Megan Joyce Imirowicz recebeu um ano de prisão e cinco anos de liberdade condicional por ter encharcado fatalmente seu pai, Konrad Imirowciz, com soda cáustica enquanto ele dormia. (Captura de tela: Série Crime)

Megan Joyce Imirowicz recebeu um ano de prisão e cinco anos de liberdade condicional por ter encharcado fatalmente seu pai, Konrad Imirowciz, com soda cáustica enquanto ele dormia. (Captura de tela: Série Crime)
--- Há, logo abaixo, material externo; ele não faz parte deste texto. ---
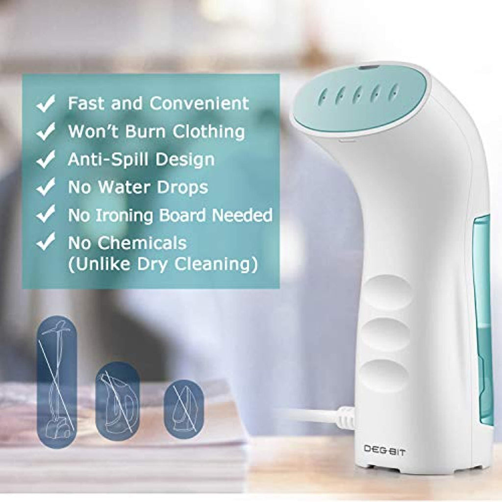 【New Clothes, New You】 Do you really want to use an old, musty ironing board to freshen up your business attire? Do you want to risk staining your new dress with a potentially dirty or broken iron? No way! So get a Degbit Steamer! Our portable steamer is a compact, travel-friendly tool that allows you to easily get rid of wrinkles anywhere! Ready to go in just 25 seconds and holds up to 100ml of water for 8-10 minutes of continuous steaming power. Removes wrinkles in the blink of an eye!
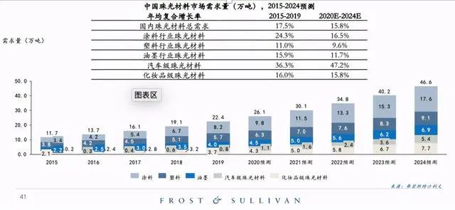 弗若斯特沙利文預計2020-2024年國內對珠光材料的需求將繼續保持增長態勢,特別是在合成云母珠光材料代表的高端市場。
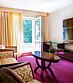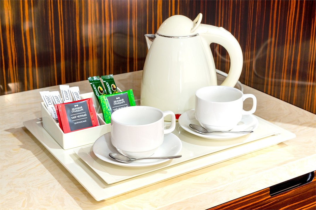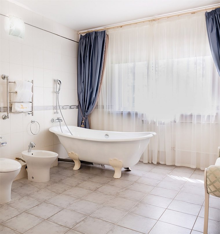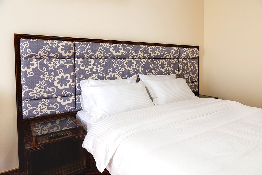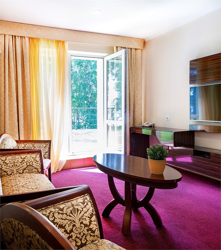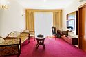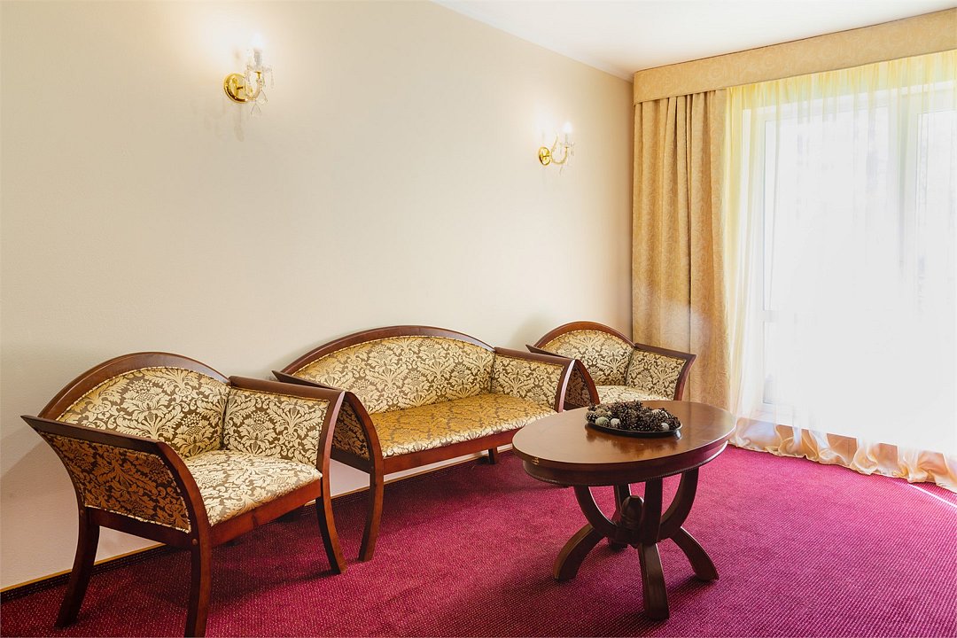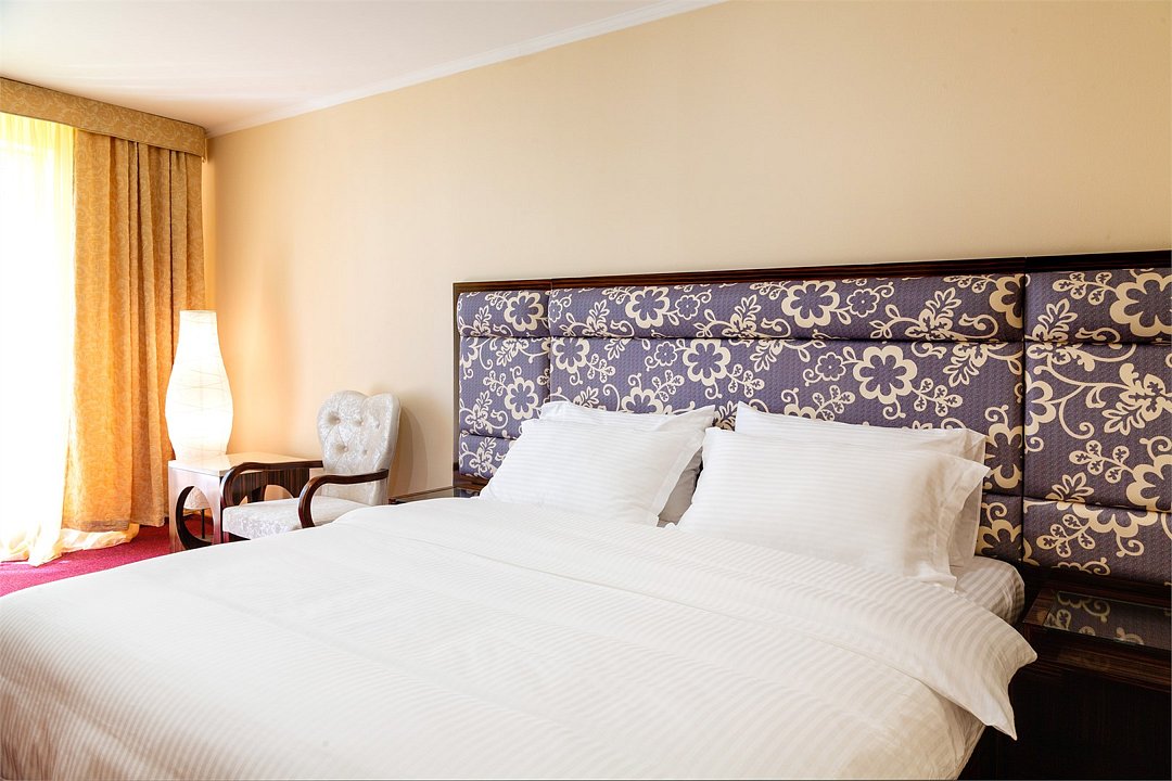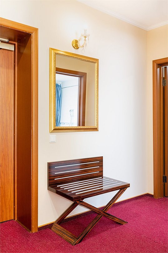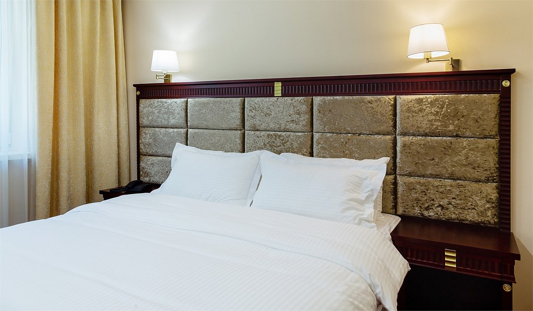 Однокомнатные номера в классическом стиле с одной большой двуспальной кроватью размера king-size. При выборе номера данной категории вы получаете по максимально выгодной цене комфортный и шикарный номер категории "Полулюкс". Отлично подходят для размещения семейным парам с детьми. Характеристики: Площадь номера – 39 кв. м. (комната: 27 кв. м., прихожая: 5 кв. м., гардеробная: 2 кв. м., туалетная комната: 5 кв. м.). Описание В номере: двуспальная кровать с ортопедическим матрасом, прикроватные тумбочки, мягкая мебель, рабочая зона, журнальный столик, телевизор, мини-бар (платно), кофейный стол, чайная станция, набор посуды, багажная тумба, сейф. В туалетной комнате –душевая кабина, фен, набор туалетных принадлежностей, мягкие полотенца, халат, тапочки.Услуги и удобства
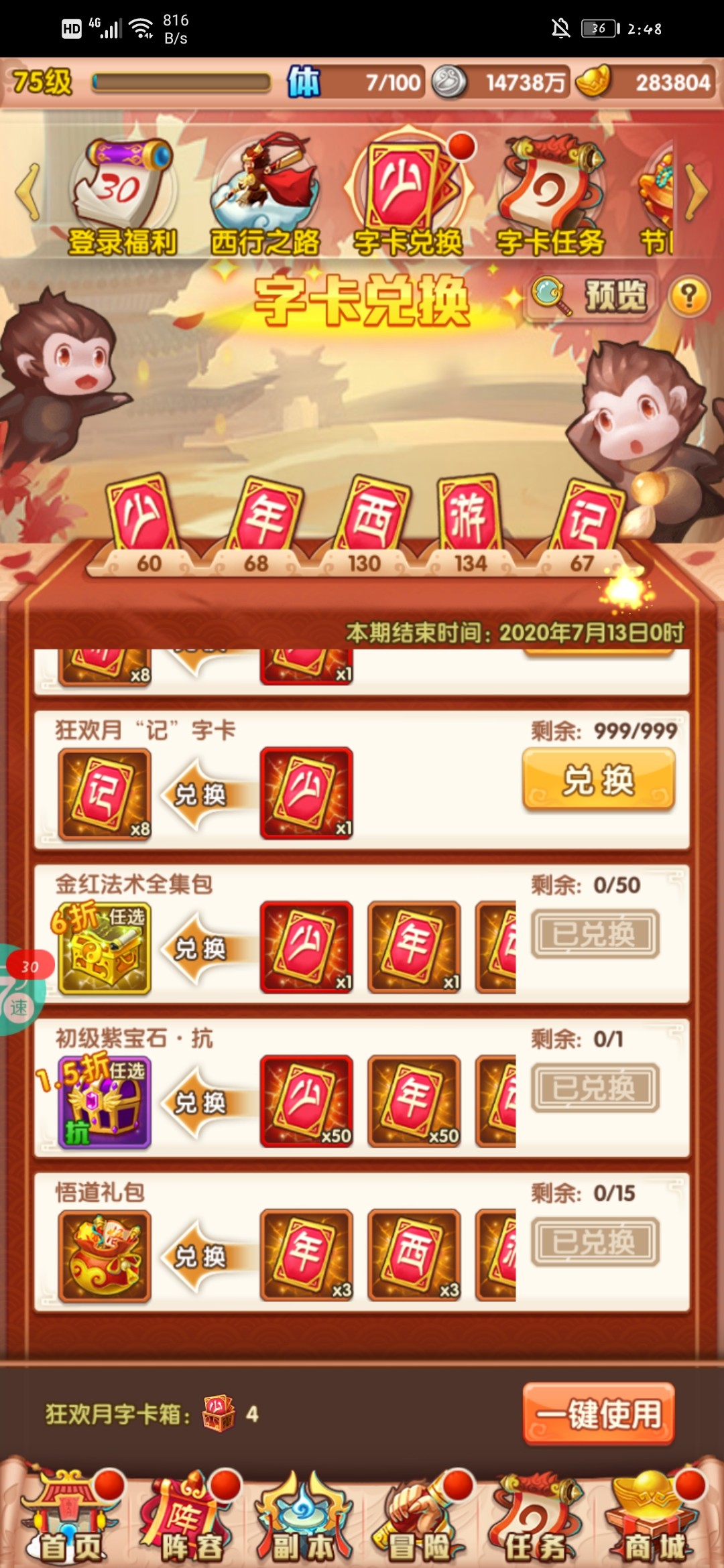 明天月狂欢就更新了,任务没做完的把任务做完,字卡我就换了金符石,金神兽,仙灵孵化宝箱,还有10个灵气宝箱。金装宝箱暂时不急,先把前期有用的换一下。剩下的少就留着后两周换。
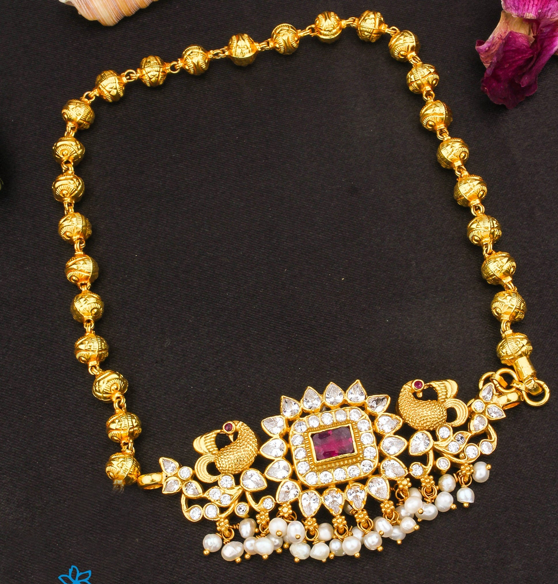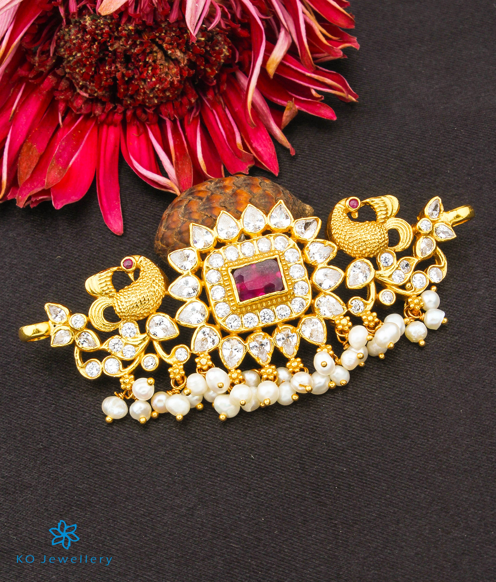 Gemstones used: Natural Pearl , Kempu Stone , AAA+ Quality Cubic Zircon
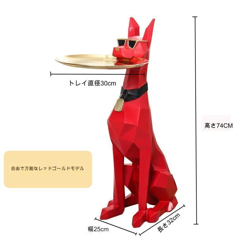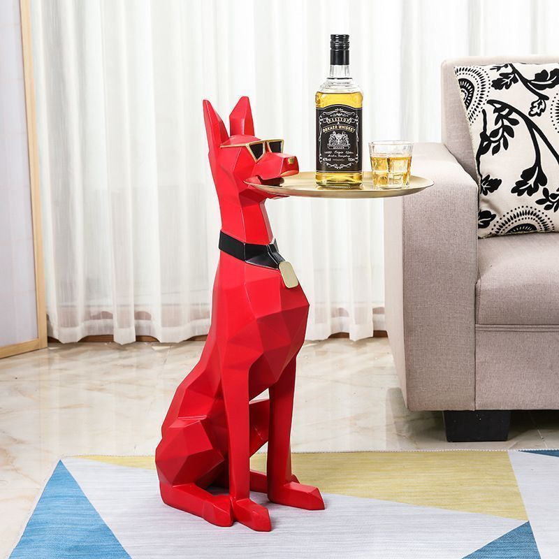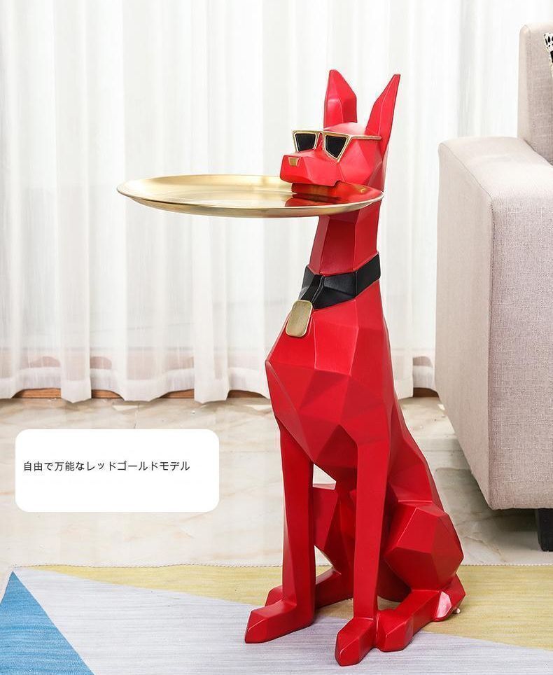 サイドテーブル 動物 金のプレートを咥えたイヌ 赤 レッド おしゃれ かわいい 74cm カフェ リビングルーム 寝室 ホテル コーヒーテーブル

Enfrentando uma pena máxima de prisão perpétua por derramar soda cáustica fatalmente em seu pai adormecido, uma mulher de Michigan soluçou, citou a Bíblia e manteve sua inocência. Megan Joyce Imirowicz, 19, pegou um ano de prisão com crédito pelo tempo cumprido e deve cumprir cinco anos de liberdade condicional.

Ela parecia perturbada em sua audiência de sentença, como ela fez em seu julgamento . A ré negou enfaticamente ter tirado a vida de Konrad Imirowicz, 64 anos.





a pegada no assassino do lago

“Os maus são enredados pelas transgressões dos seus lábios, mas os justos escapam dos problemas”, disse ela no tribunal na terça-feira, citando Provérbios 12:13.

Mas os promotores presentes no julgamento a consideraram insensível. Eles disseram que ela mentiu para os investigadores sobre como soube das queimaduras de seu pai. Na verdade, quando uma amiga ligou para ela sobre isso, ela zombou e desligou o telefone, disse o estado.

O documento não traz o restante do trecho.